RECORDS FOR PROCESSING ->
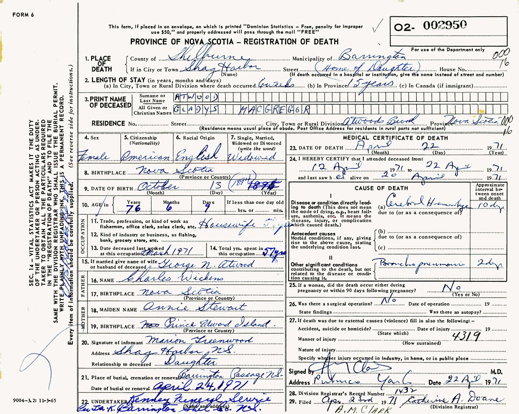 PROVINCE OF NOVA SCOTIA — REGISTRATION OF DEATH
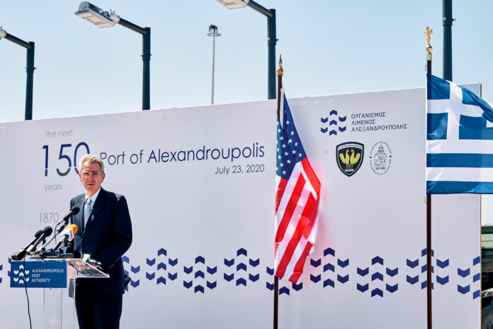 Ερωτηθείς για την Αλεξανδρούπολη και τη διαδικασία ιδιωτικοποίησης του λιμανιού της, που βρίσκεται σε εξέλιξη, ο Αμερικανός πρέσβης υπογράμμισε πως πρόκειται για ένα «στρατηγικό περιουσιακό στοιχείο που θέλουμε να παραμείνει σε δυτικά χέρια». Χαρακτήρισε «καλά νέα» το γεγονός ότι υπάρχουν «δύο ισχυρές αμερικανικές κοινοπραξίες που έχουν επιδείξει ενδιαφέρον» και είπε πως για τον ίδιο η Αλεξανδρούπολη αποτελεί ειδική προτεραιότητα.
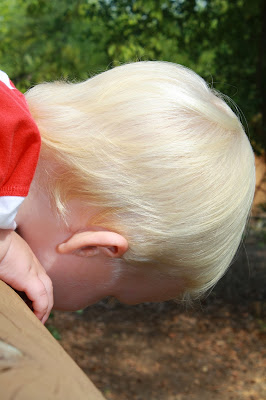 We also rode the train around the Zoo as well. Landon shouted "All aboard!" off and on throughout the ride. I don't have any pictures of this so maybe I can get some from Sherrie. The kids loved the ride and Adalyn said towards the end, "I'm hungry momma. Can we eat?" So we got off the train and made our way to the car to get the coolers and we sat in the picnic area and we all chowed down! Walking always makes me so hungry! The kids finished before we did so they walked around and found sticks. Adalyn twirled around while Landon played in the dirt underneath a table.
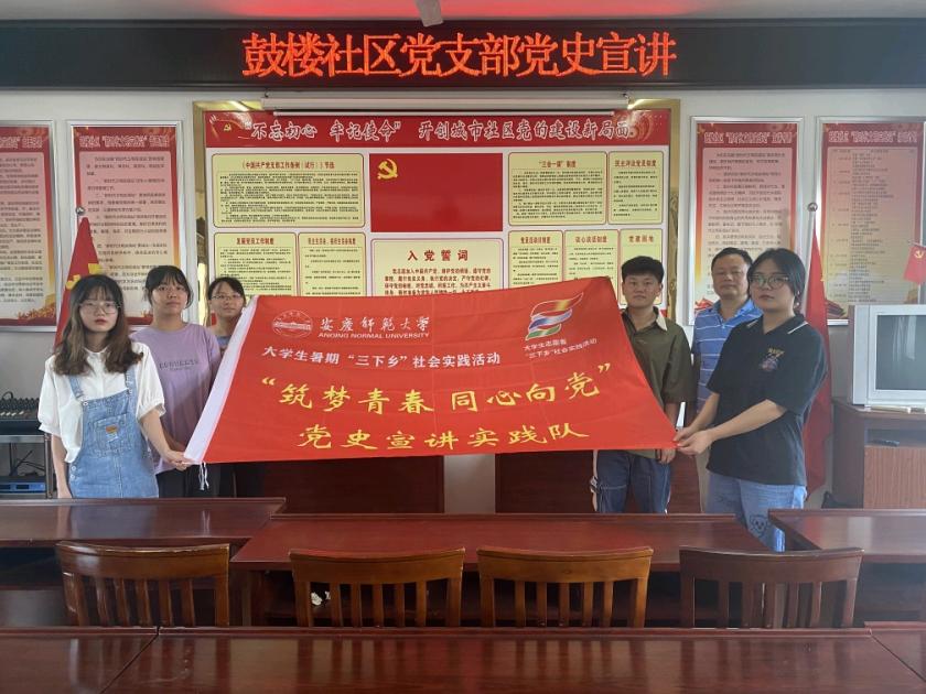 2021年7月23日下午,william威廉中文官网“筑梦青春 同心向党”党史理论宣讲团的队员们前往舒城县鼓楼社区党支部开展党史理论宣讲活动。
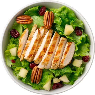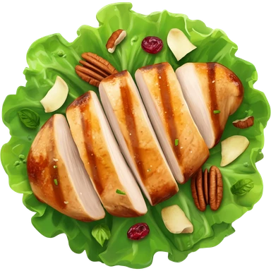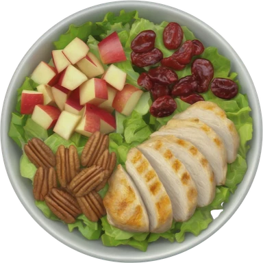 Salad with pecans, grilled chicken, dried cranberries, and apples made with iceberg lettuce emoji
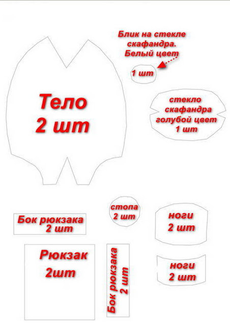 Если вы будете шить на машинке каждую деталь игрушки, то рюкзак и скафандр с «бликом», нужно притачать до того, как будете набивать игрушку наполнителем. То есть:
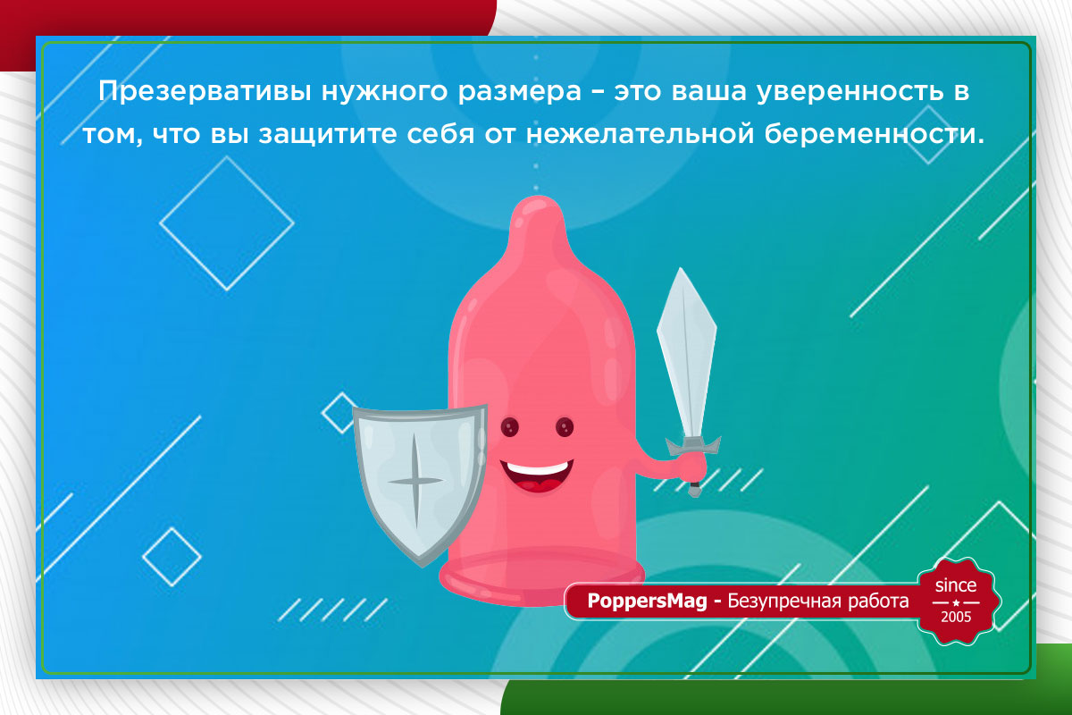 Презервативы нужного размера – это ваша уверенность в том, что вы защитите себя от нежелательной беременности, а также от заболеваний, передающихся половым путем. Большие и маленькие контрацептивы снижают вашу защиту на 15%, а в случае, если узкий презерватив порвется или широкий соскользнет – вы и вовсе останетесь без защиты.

YOUR OBJECTIVE ->
Make an exact printout of the listing above, omitting the images.

TASK SOLUTION ->
 PROVINCE OF NOVA SCOTIA — REGISTRATION OF DEATH
 Ερωτηθείς για την Αλεξανδρούπολη και τη διαδικασία ιδιωτικοποίησης του λιμανιού της, που βρίσκεται σε εξέλιξη, ο Αμερικανός πρέσβης υπογράμμισε πως πρόκειται για ένα «στρατηγικό περιουσιακό στοιχείο που θέλουμε να παραμείνει σε δυτικά χέρια». Χαρακτήρισε «καλά νέα» το γεγονός ότι υπάρχουν «δύο ισχυρές αμερικανικές κοινοπραξίες που έχουν επιδείξει ενδιαφέρον» και είπε πως για τον ίδιο η Αλεξανδρούπολη αποτελεί ειδική προτεραιότητα.
 We also rode the train around the Zoo as well. Landon shouted "All aboard!" off and on throughout the ride. I don't have any pictures of this so maybe I can get some from Sherrie. The kids loved the ride and Adalyn said towards the end, "I'm hungry momma. Can we eat?" So we got off the train and made our way to the car to get the coolers and we sat in the picnic area and we all chowed down! Walking always makes me so hungry! The kids finished before we did so they walked around and found sticks. Adalyn twirled around while Landon played in the dirt underneath a table.
 2021年7月23日下午,william威廉中文官网“筑梦青春 同心向党”党史理论宣讲团的队员们前往舒城县鼓楼社区党支部开展党史理论宣讲活动。
 Salad with pecans, grilled chicken, dried cranberries, and apples made with iceberg lettuce emoji
 Если вы будете шить на машинке каждую деталь игрушки, то рюкзак и скафандр с «бликом», нужно притачать до того, как будете набивать игрушку наполнителем. То есть:
 Презервативы нужного размера – это ваша уверенность в том, что вы защитите себя от нежелательной беременности, а также от заболеваний, передающихся половым путем. Большие и маленькие контрацептивы снижают вашу защиту на 15%, а в случае, если узкий презерватив порвется или широкий соскользнет – вы и вовсе останетесь без защиты.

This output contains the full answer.